Drei Jahre lang

Gestern mittag gab es bei mir übrigens Gyrosbaguette. Insider wissen, was das bedeutet. Inzwischen, ich kann es kaum glauben, ist es drei Jahre her, seit sich mein Leben von einem auf den anderen Tag radikal verändert hat.

Inzwischen bin ich häufig gefragt worden, ob ich an meinem Leben gerne etwas ändern würde. Dazu kann ich nur erneut sagen: Was ich ändern kann, das ändere ich. Was ich nicht ändern kann, daran versuche ich mich auch nicht. Sicherlich sollte man nicht resignieren und glauben, man könne an vielen Dingen sowieso nichts ändern und so jede Bemühung, jede Anstrengung von vornherein unterlassen. Man muss schon sachlich bleiben bei der Beurteilung, ob man etwas verändern kann. Aber wenn klar ist, dass sich etwas nicht ändern lässt, dann gibt es auch noch andere Dinge, mit denen man sich gehaltvoller beschäftigen kann.

Was ich damit sagen will: Ich zerbreche nicht an der Frage, wann ich wieder laufen kann. Ich lasse mir auch keine Hoffnung machen, dass da irgendwelche Forschungen laufen oder Geräte entwickelt werden, mit denen
irgendwas geht. Wenn mir irgendwann einmal etliche ehemalige Querschnitte auf ihren zwei Beinen entgegen gewatschelt kommen, lasse ich mir durch den Kopf gehen, ob diese Therapie auch für mich in Frage kommt.
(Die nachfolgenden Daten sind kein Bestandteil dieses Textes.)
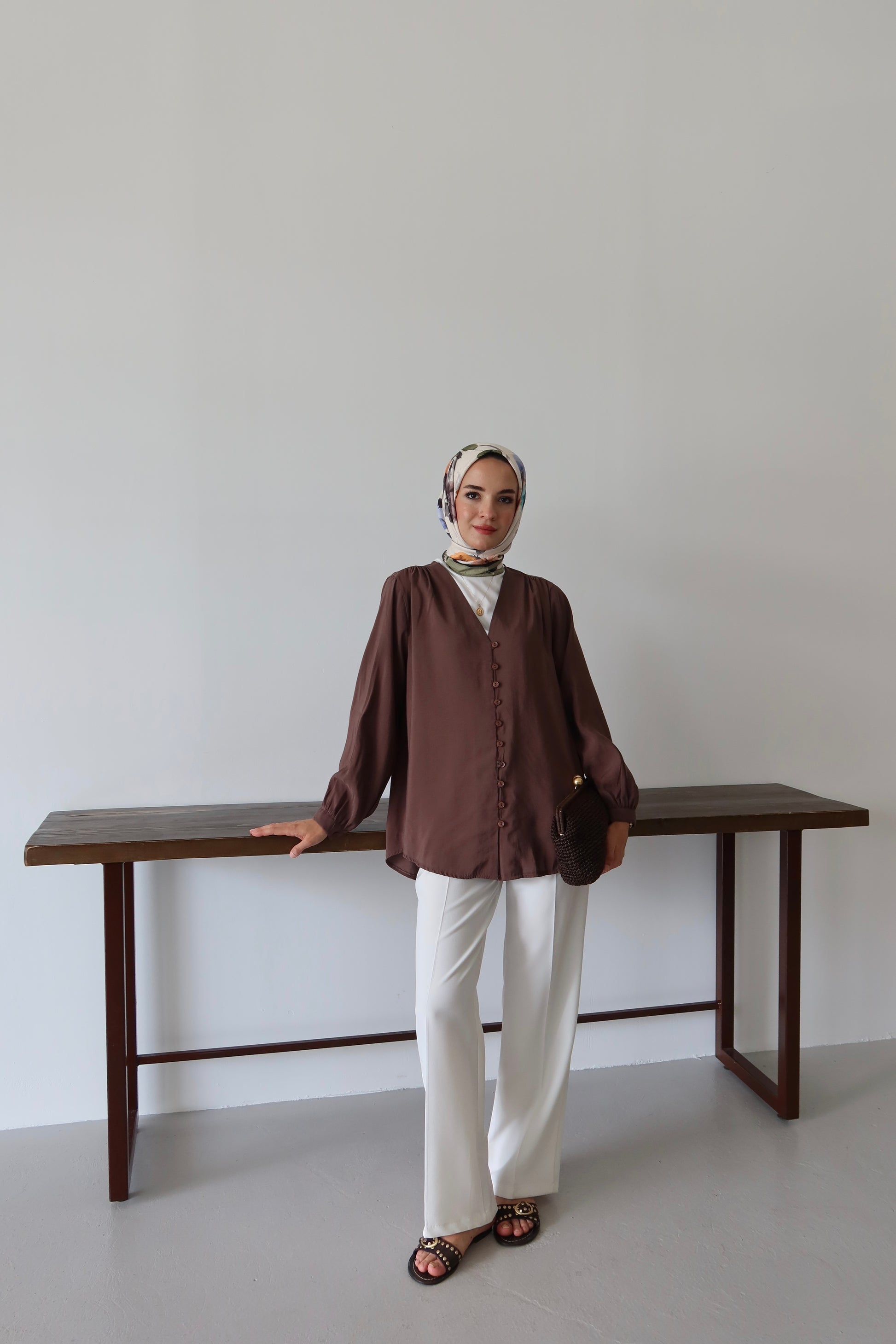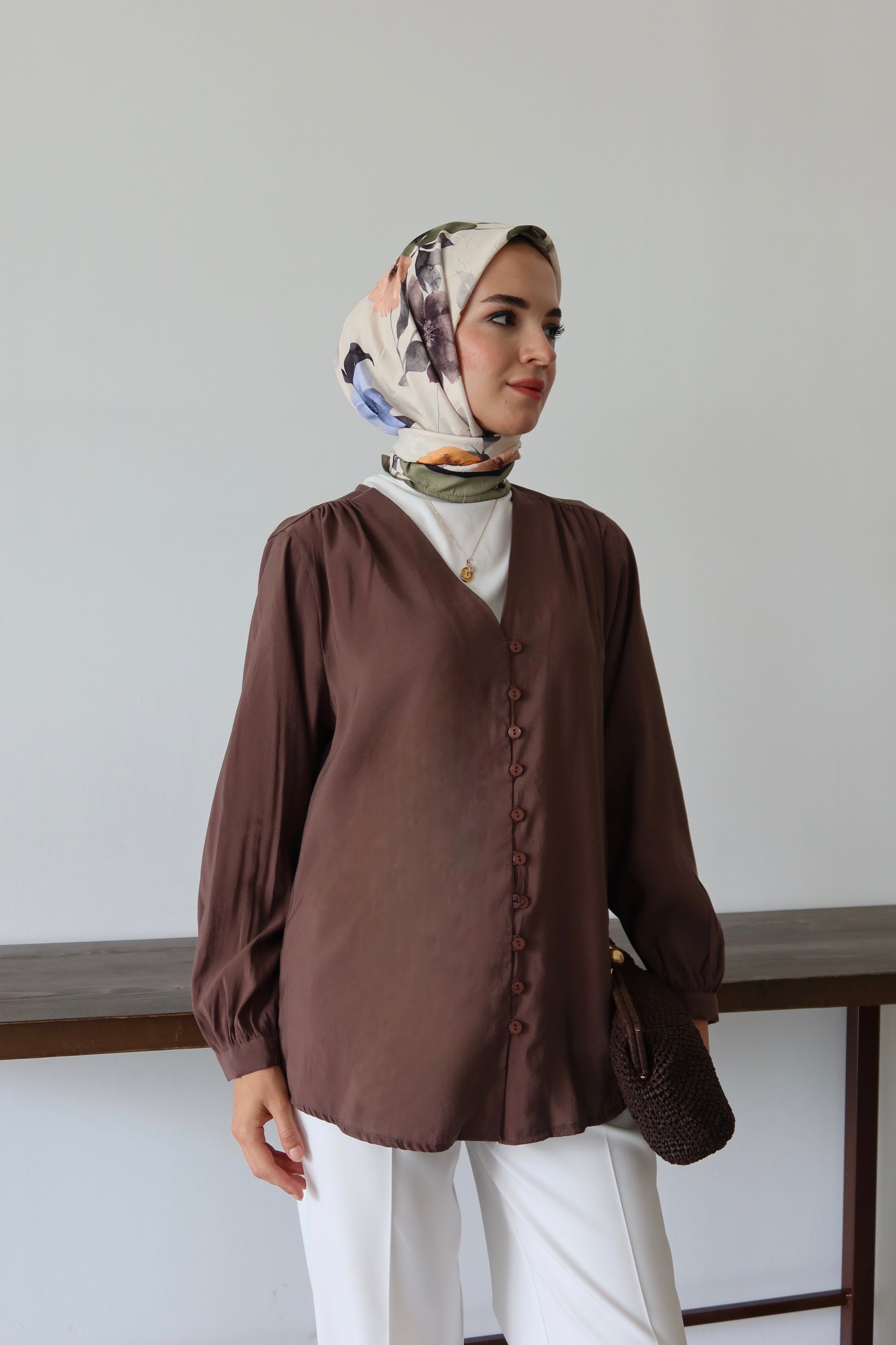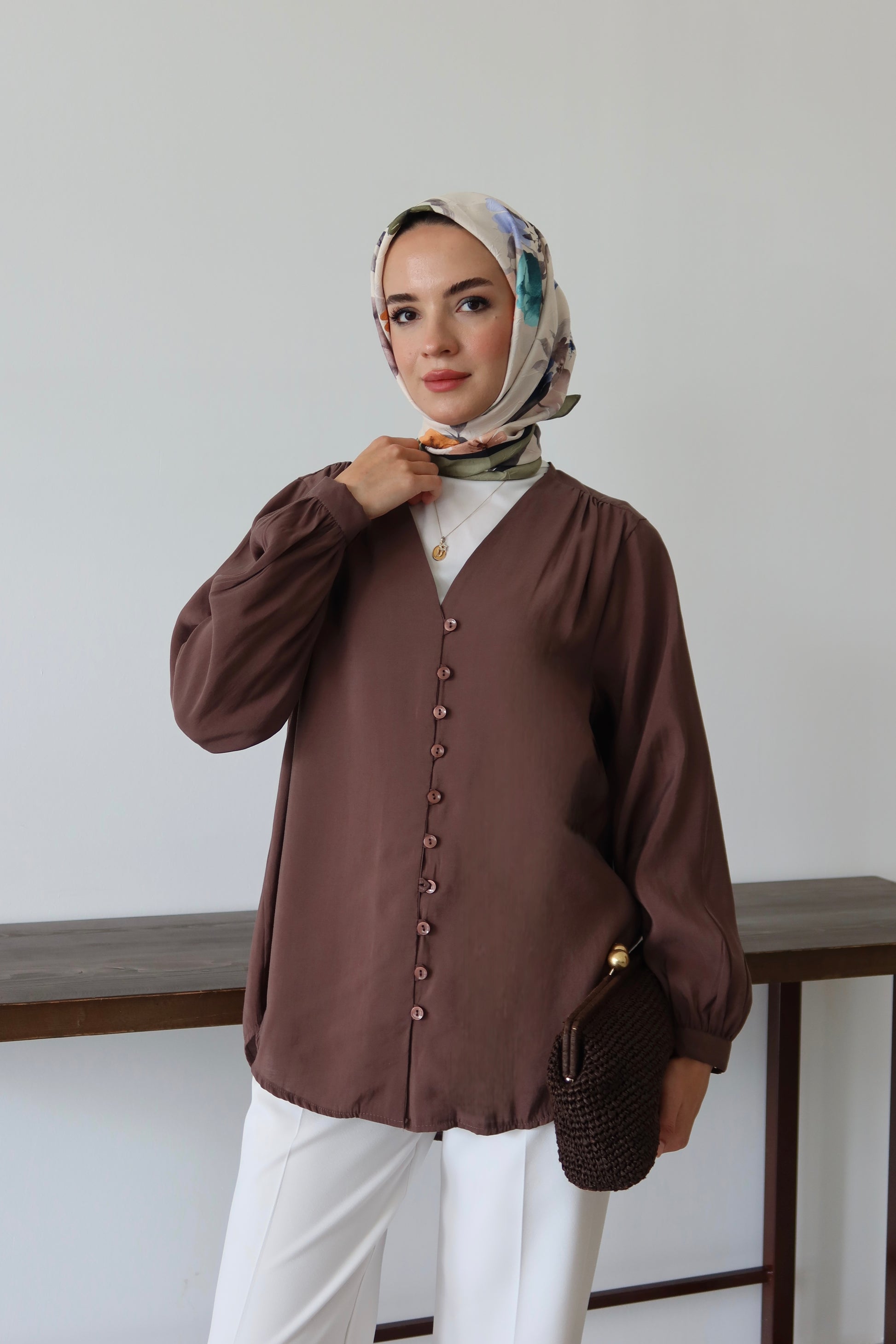 V Yaka Önü Düğme Detaylı Tesettür Gömlek - Kahverengi

Bis dahin sollen sich andere mit dem Thema beschäftigen, das so alt ist wie die Querschnittlähmung an sich.

Ich frage mich auch nicht, wie mein Leben verlaufen wäre, wenn dieser Unfall nicht passiert wäre. Ich weiß es nicht. Vielleicht wäre die Beziehung zu meinen Eltern auch aus anderen Gründen zerbrochen. Weil ich
einen afrikanischen Partner gefunden oder mit einem Mädel mein erstes Mal gehabt hätte. Weil ich kriminell geworden wäre oder magersüchtig unter dem Druck des Lebens, weil ich die Schule geschmissen oder in irgendeine politische Szene gewechselt hätte. Vielleicht hätte ich meinen Freiwilligendienst in einer Behindertengruppe gemacht und dabei festgestellt, in einem falschen (gesunden) Körper geboren worden zu sein
– wie Natascha, die fest davon überzeugt ist, dass sie in einen Rollstuhl gehört, obwohl sie eigentlich laufen kann.

Nataschas stationäre Therapie blieb ohne Erfolg. Es bleibt uns Behindis nur, zu akzeptieren, dass sie Rollstuhlfahrerin ist, obwohl sie laufen kann. Und trotzdem möchte ich nicht tauschen. Es ist okay, so wie es ist.

Meine Behinderung hat mich reifer gemacht, ehrgeiziger, selbstbewusster, entschiedener. Sie hat mir Hass und Liebe vermittelt, sie hat mir gezeigt, dass Menschen viel facettenreicher sind als ich es je gedacht hätte. Sie hat mich mit wunderbaren Leuten zusammengeführt, sie hat meinem Leben (so seltsam das klingt) einen ungeheuren Halt gegeben. Einfach, weil sie vieles ausgeschlossen hat, was vorher Option hätte sein können, weil sie mir viele Entscheidungen abgenommen hat. Und weil sie mich zu einer deutlichen Positionierung genötigt hat.

Ich werde gleich zum Schwimmtraining fahren. Es ist wunderschönes Wetter draußen. Anschließend feiere ich mit ein paar Leuten meinen „Geburtstag“ (nach). Der Grill fragt schon alle paar Minuten nach seinem Einsatz. Hoffentlich fängt er aus lauter Ungeduld nicht gleich schon im Auto zu qualmen an. Ich freu mich drauf!